WEA RLC acknowledges:

* that the Act of Free Choice, as unjust as it was, has resulted in
Papua being incorporated into Indonesia. As such, Indonesia now has
(so to speak) the high ground. As the old adage goes: ‘Possession is
nine-tenths of the law’, although this in reality relates not to any
issue of ‘law’ but to the age-old rule of ‘force’;

* that Indonesia has no intention of letting Papua secede, and that
there are several reasons for this:

– Papua is an enormous source of wealth for the Indonesian
government and the Indonesian military;

– the nationalistic zeal stoked by East Timor’s independence has
made the subject of Papuan independence politically untenable, with
President Susilo Bambang Yudhoyono’s presidency relying on his
ability to keep Indonesia together;

– the loss of East Timor has led to Papua becoming the focus of
pro-Indonesia militias (with nationalist motivations), domestic and
foreign Islamic jihad militias (with religious motivations), and
the Indonesian military (with both power and financial
motivations). Thus, Papua is crawling with well-armed men willing
to fight until the mountains flow blood, just to keep Papua as part
of Indonesia.

In the light of the above, WEA RLC acknowledges that while the
status quo is not acceptable:

* a serious push for independence by Papuan independence activists and
fighters could well lead to internal unrest across Indonesia,
destabilising the world’s largest Muslim emerging democracy, as well as
serious conflict in Papua, resulting in massive bloodshed and loss of
life amongst Papua’s already traumatised indigenous population.
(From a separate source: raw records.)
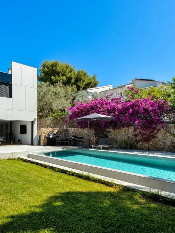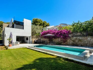 Villa moderna de cuatro dormitorios con piscina y jardín en Cala Vinyes, con interiores elegantes, amplia parcela y un ambiente mediterráneo lleno de calma.
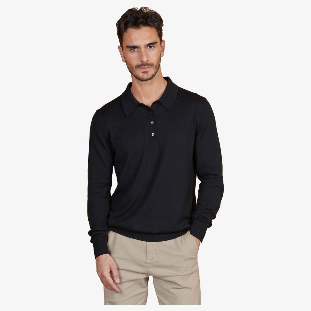 03986 - Stefan Pull z kołnierzem polo w kostce 03986 - noir_profond
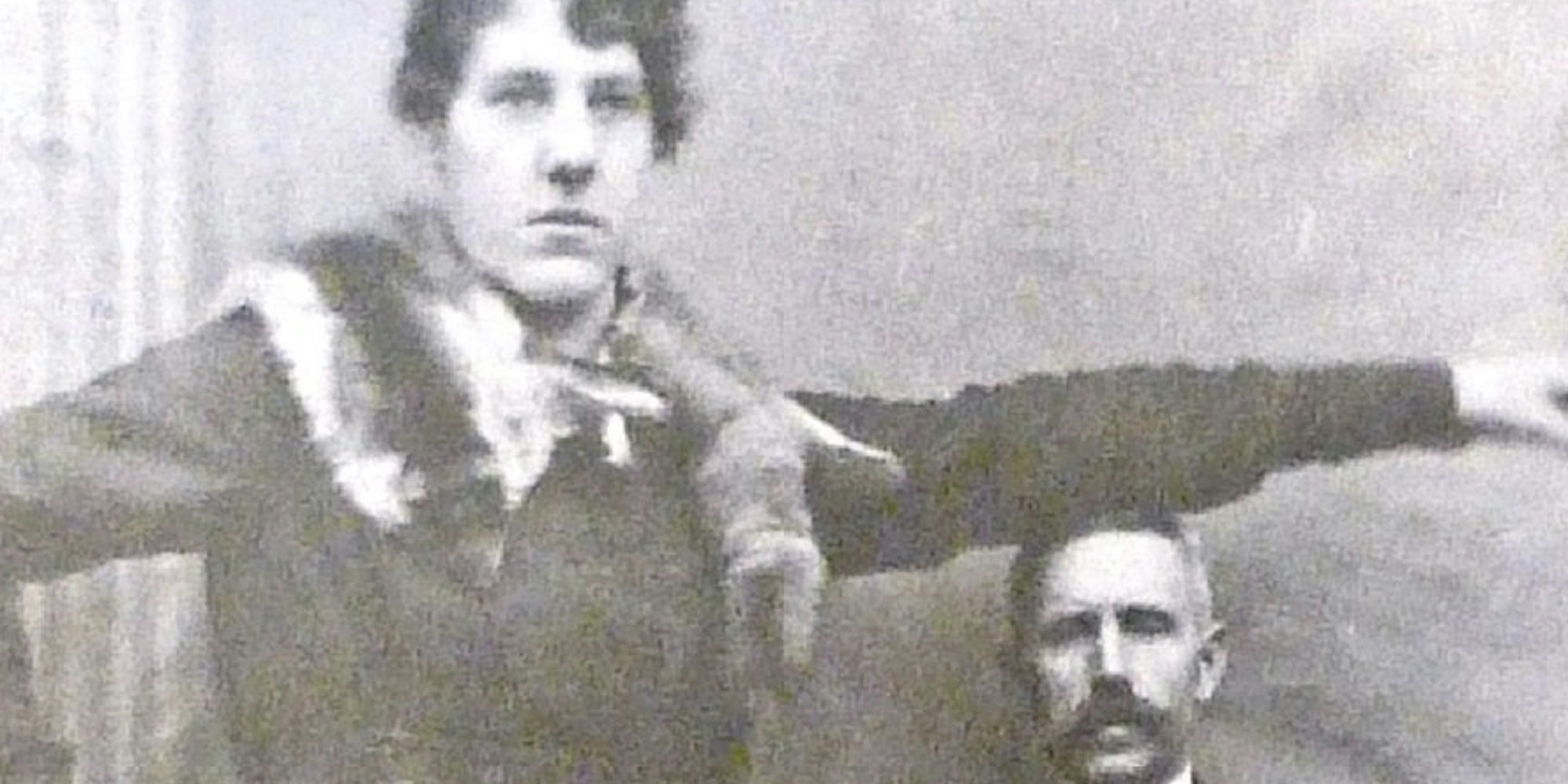 Ein Foto in der Sammlung Johnen fällt sofort ins Auge: Eine große Frau streckt ihren linken Arm aus. Unter diesem ausgestreckten Arm steht ein erwachsener Mann. Jürgen Johnen wusste, dass die Frau aus der Eifel stammt, davon hatte er bereits gehört. Mehr wusste er jedoch nicht zu diesem Bild zu sagen.

Therefore: WEA RLC proposes that an authoritative body be
established to work for a peace and rights settlement for the
Indonesian province of Papua, and monitor its implementation.

This body would be similar to the Inter-Governmental Authority on
Development (IGAD) that brokered peace and autonomy for Southern
Sudan. It would need to include elected representatives from Papua,
high level delegates from the UN and the governments of Indonesian,
Australia, PNG, USA, UK, Netherlands, Vanuatu and Nauru, and
possibly from the EU and NZ.

This body would have the leverage and authority required to pressure
the Indonesian government to live up to its obligations and honour
its commitments, in particular to autonomy for Papua.
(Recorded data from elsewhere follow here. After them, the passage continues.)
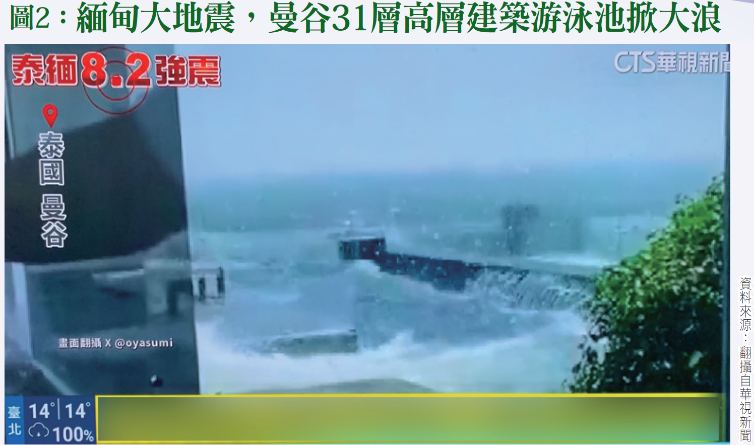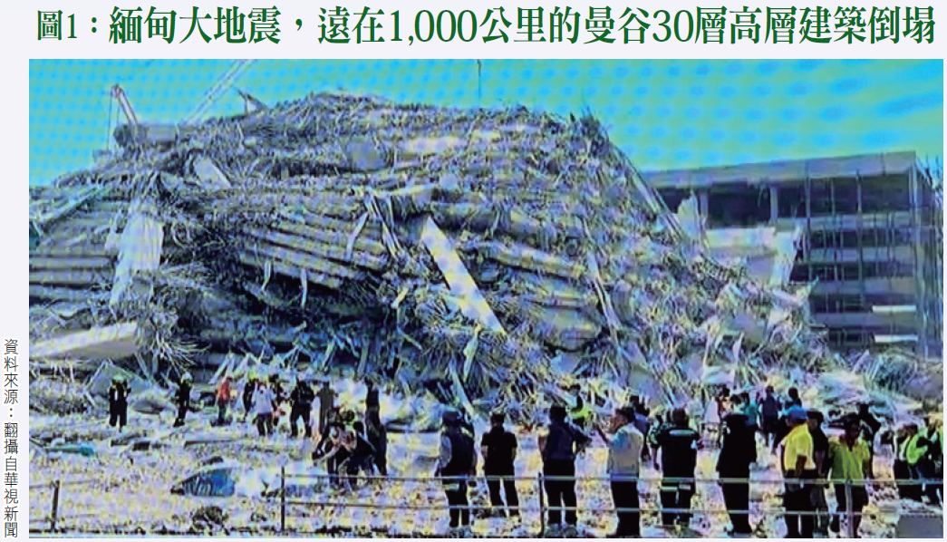 3月28日緬甸發生芮氏規模7.7的大地震,造成距離震央超過1000公里的泰國首都曼谷一棟尚未完工的30層高層建築被夷為平地(詳請參閱附圖一、二、三)。
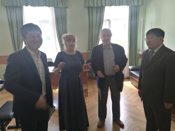 在莫斯科国立柴可夫斯基音乐学院(简称柴院),访问团一行受到该校校长索科洛夫、分管外事副校长苏罕洛夫、分管教学副校长斯鲁茨卡娅的热情接待。周之虎向其介绍了学院的基本情况,以及出访柴院的目的,希望重点在艺术交流、教师互访、学生培养、艺术教育培训等方面开展交流合作,在达成共识的交流合作项目上签订协议。经过洽谈,初步达成如下合作意向:1.在安徽大学艺术与传媒学院举办柴可夫斯基音乐学院夏季学院,由柴院派教师执教,发柴院结业证书;2.学院派青年教师到柴院进修、访学、读博。首先邀请我院青年教师参加柴院今夏夏季学院学习,或派艺术指导教师去进修;3.进行两校师生艺术交流,特别是到俄罗斯进行安徽黄梅戏和地方民乐交流;4.柴院轮流派教师到我院作为外籍教师执教;5.在我院举办柴院钢琴或声乐大师班;6.由我方草拟合作协议,待双方认可后,再择机签署。
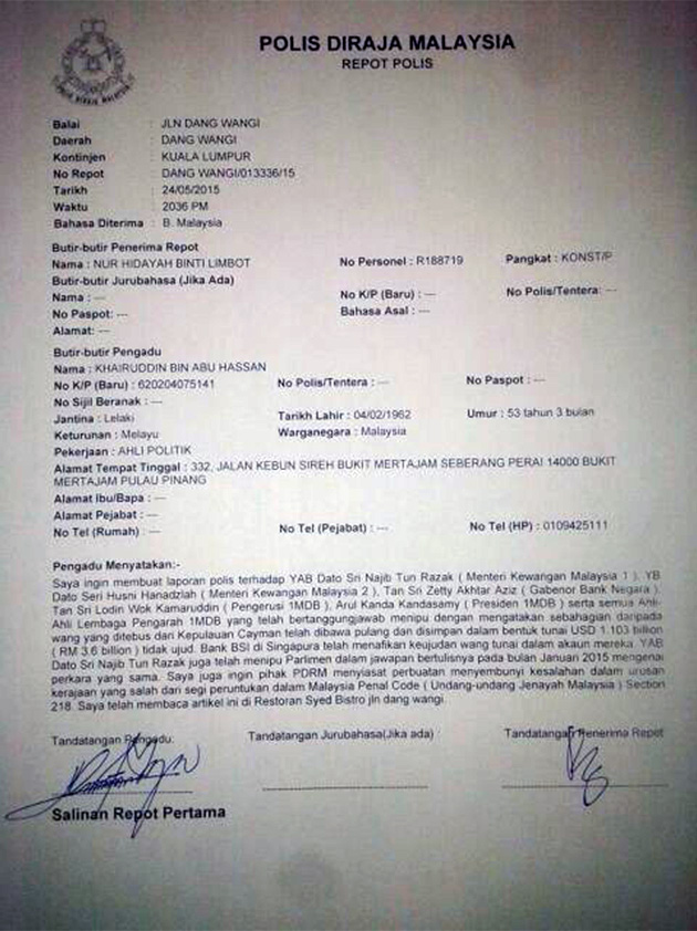 Salinan laporan polis yang dibuat Khairuddin terhadap beberapa pemimpin negara dan ahli lembaga pengarah 1MDB - Sumber gambar Khairuddin

Issues that require immediate attention are –

* TRANSMIGRATION: the rapidly shifting demographics of Papua, which
is a consequence of the Indonesian government’s transmigration
policy which is designed to Javanise and Islamise Papua by
demographic means. By this strategy the indigenous Papuan population
is being submerged and diluted. The aim is that they should be
rendered politically powerless and culturally invisible – it is a
policy for death by demographics.

* TNI and ARMED MILITIAS: the militias must be banned and disarmed,
and non-residents who have traveled to Papua purely to fight
(especially foreign jihadists) must be expelled. The TNI should be
at the very least reined in and their presence minimised. With
peace, a civilian police force would eventually maintain security.
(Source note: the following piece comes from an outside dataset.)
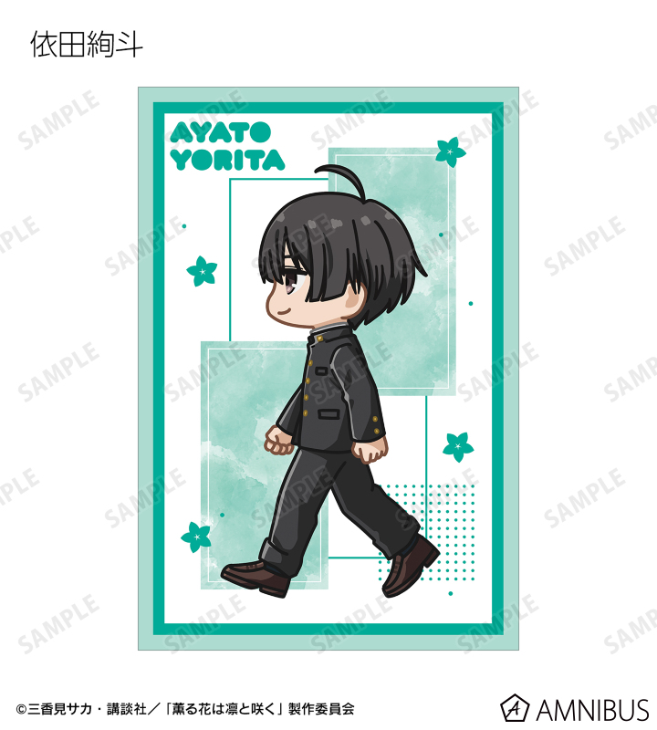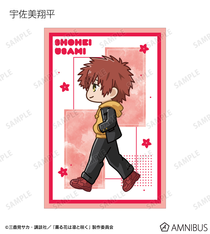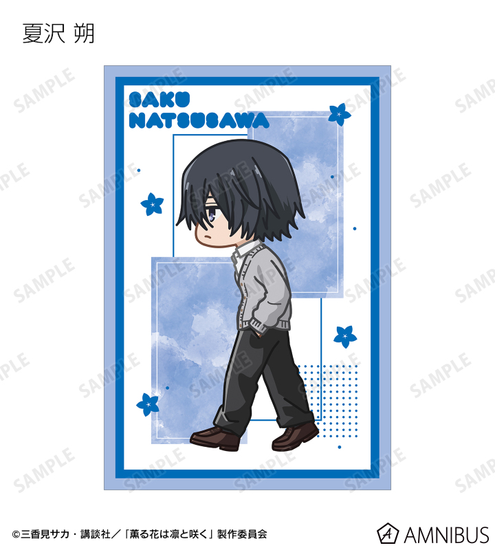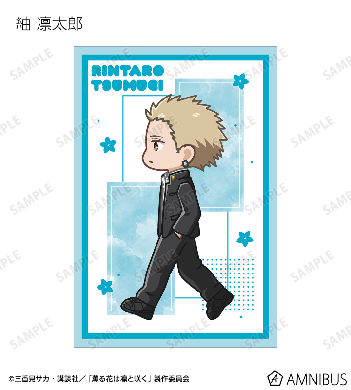 紬 凛太郎、和栗薫子、宇佐美翔平、夏沢 朔、依田絢斗、保科 昴が歩いているちびキャラを新たに描き起こし、花のモチーフをあしらったポストカード6枚セットに仕上げました。

* AUTONOMY: negotiations could begin with the implementation of the
Special Autonomy Law, especially the reversal of the illegal
division of Papua, and fresh elections for the Papua Presidium so
that it is able to represent the Papuans.

* MONITORS: Papua must be opened up to foreign journalists and human
rights monitors.

The situation in Papua will improve only if international actors are
prepared to pressure Indonesia to make it happen.

Churches should be encouraged to pray and advocate to this end. The
future is another day. What is important today is that peace,
dignity, human rights, security, and autonomy are restored. After
the betrayal and the decades of indifference, the international
community owes this to the Papuans. It is matter of justice. It is a
matter of morality. It is a matter of human dignity and liberty.